## SUPPLIED DATA
============================================================

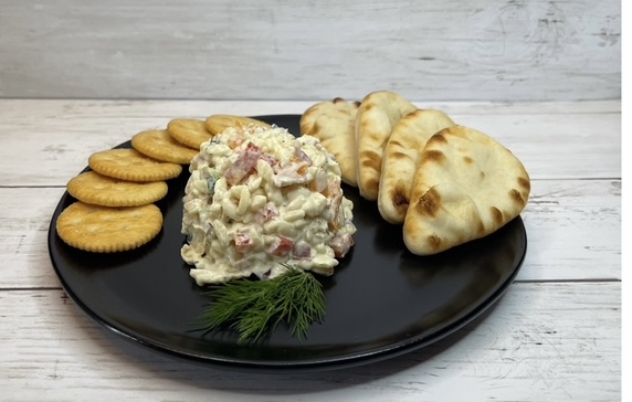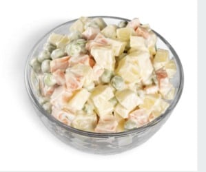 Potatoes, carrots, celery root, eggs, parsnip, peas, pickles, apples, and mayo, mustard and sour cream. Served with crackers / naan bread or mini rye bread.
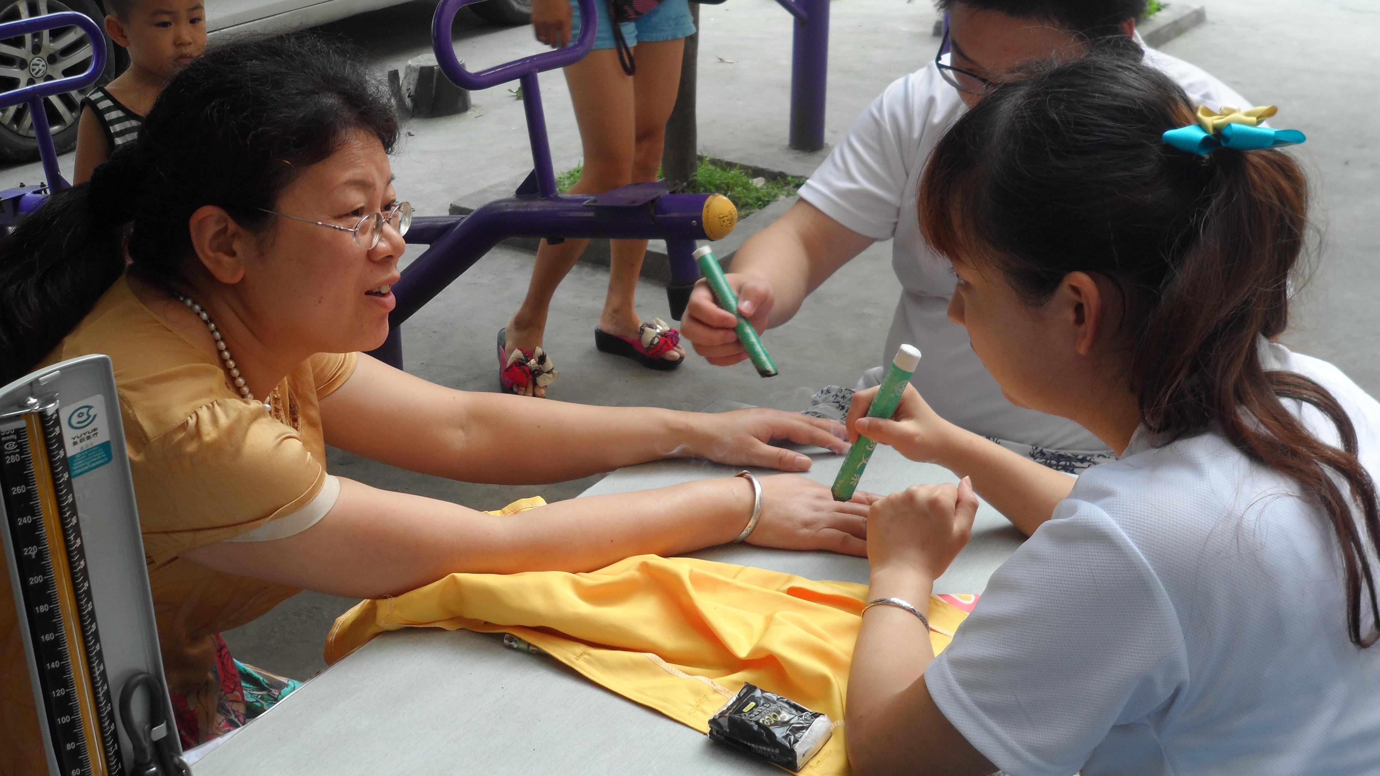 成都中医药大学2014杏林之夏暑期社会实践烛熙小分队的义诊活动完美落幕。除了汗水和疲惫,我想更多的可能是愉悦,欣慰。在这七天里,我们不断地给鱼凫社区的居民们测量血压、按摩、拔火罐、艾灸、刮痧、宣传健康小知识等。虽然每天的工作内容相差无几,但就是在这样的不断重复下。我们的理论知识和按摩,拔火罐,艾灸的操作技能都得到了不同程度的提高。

============================================================

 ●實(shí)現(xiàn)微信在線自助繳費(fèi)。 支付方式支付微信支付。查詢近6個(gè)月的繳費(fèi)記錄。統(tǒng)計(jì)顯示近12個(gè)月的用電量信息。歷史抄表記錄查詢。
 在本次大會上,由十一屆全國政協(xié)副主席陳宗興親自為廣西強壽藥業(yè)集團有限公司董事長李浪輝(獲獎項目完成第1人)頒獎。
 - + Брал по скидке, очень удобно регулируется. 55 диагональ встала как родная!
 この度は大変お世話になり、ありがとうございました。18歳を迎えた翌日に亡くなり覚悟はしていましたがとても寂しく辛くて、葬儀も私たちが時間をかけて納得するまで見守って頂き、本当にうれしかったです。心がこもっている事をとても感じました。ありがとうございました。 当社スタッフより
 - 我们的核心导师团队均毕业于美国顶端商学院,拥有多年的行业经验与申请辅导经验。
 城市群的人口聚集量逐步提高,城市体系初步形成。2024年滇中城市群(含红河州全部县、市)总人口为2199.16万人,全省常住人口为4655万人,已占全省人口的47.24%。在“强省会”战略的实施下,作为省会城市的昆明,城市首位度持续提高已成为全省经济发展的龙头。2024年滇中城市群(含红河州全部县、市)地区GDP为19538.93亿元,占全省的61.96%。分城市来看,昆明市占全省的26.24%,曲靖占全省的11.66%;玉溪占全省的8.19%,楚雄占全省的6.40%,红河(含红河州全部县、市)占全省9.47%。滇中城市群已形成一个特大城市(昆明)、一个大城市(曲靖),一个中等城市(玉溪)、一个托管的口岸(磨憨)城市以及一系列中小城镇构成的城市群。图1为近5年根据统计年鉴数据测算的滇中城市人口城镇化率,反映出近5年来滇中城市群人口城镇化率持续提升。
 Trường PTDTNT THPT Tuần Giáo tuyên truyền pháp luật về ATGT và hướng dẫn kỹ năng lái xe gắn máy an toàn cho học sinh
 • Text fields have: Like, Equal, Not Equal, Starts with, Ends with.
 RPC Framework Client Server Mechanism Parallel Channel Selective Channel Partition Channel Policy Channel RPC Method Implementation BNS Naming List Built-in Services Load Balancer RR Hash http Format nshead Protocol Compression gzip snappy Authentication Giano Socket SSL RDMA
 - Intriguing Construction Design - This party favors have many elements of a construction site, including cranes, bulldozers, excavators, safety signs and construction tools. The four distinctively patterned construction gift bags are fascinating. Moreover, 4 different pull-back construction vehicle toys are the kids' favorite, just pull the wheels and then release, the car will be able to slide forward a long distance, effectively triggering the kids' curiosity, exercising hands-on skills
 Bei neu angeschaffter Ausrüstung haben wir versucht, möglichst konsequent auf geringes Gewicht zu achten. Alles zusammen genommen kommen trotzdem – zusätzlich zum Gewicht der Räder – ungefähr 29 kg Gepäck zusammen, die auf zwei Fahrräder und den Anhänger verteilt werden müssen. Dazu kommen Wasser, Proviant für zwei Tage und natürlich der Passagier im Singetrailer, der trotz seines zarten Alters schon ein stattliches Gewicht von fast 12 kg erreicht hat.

============================================================

## WORK REQUEST
Reproduce the records above exactly, but only from the line with "Potatoes, carrots, celery" up to and including the line with "成都中医药大学2014杏林之". Leave the pictures out.

## RESPONSE TO THIS TASK
 Potatoes, carrots, celery root, eggs, parsnip, peas, pickles, apples, and mayo, mustard and sour cream. Served with crackers / naan bread or mini rye bread.
 成都中医药大学2014杏林之夏暑期社会实践烛熙小分队的义诊活动完美落幕。除了汗水和疲惫,我想更多的可能是愉悦,欣慰。在这七天里,我们不断地给鱼凫社区的居民们测量血压、按摩、拔火罐、艾灸、刮痧、宣传健康小知识等。虽然每天的工作内容相差无几,但就是在这样的不断重复下。我们的理论知识和按摩,拔火罐,艾灸的操作技能都得到了不同程度的提高。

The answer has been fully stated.